FAQ Chatbot: RAG & Embeddings Pipeline

PythonFastAPIDockerChromaDBOllamaMarkdownRAGQwen2.5 0.5B

1 / 4

Overview

This project is a deliberately small RAG system built to explore how LLMs can produce reliable responses without hallucinating.

The chatbot provides trustworthy answers by grounding responses in a local document knowledge base. It parses Markdown documents, splits them into structured chunks, generates embeddings and stores them in ChromaDB for semantic retrieval. Queries are matched against the vector store, and the retrieved context is passed to a local Ollama LLM to generate answers.
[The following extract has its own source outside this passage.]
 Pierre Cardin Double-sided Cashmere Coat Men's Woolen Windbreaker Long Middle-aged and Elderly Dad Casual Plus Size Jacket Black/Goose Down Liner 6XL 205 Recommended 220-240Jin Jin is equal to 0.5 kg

Each response includes citations to the source documents with heading & line ranges - ensuring the accuracy of answers can be verified against the knowledge base.

What it does

Document Ingestion – Markdown files are parsed and split into chunks, then hashed to track updates. Only new or modified chunks are processed.
Embedding & Retrieval – Chunks are embedded using a local Ollama model and stored in ChromaDB. Queries are embedded and matched against stored chunks with a similarity threshold.
Answer Generation – Retrieved chunks are passed to a local LLM, which produces answers strictly grounded in the documents.
API & Debugging – FastAPI handles queries and returns structured responses with citations. Debug endpoints provide insight into retrieved chunks and similarity scores.

This design allows each component to focus on a specific responsibility while keeping the deployment simple and containerised.

Key Features

Grounded Answers: Responses are based solely on retrieved documents.
Citation-Based: Each answer references document, heading and line range.
Persistent Vector Store: ChromaDB ensures fast and efficient semantic search.
Incremental Updates: Only new or modified chunks are processed.
Similarity Filtering: Low-confidence matches are excluded for reliability.
Debug & Inspectability: View retrieved chunks and similarity scores.
Single-Container Deployment: Simple setup while maintaining modular internal structure.

Technical Highlights

Containerised system built with Docker for deployment.
Local embeddings and LLM inference with Ollama models (all-minilm:22m for embeddings, qwen2.5:0.5b-instruct for answers).
Persistent ChromaDB vector store for semantic retrieval.
Modular design enforces clear separation of responsibilities and decoupled services.
Citation-based answer generation reduces hallucinations and ensures traceability.

Tech Stack

Python, FastAPI, Docker, ChromaDB, Ollama, Markdown, RAG, Qwen2.5 0.5B, all-minilm:22m

Possible Extensions

Support additional document formats (PDF, HTML)
Conversational queries allowing users to ask follow-up questions.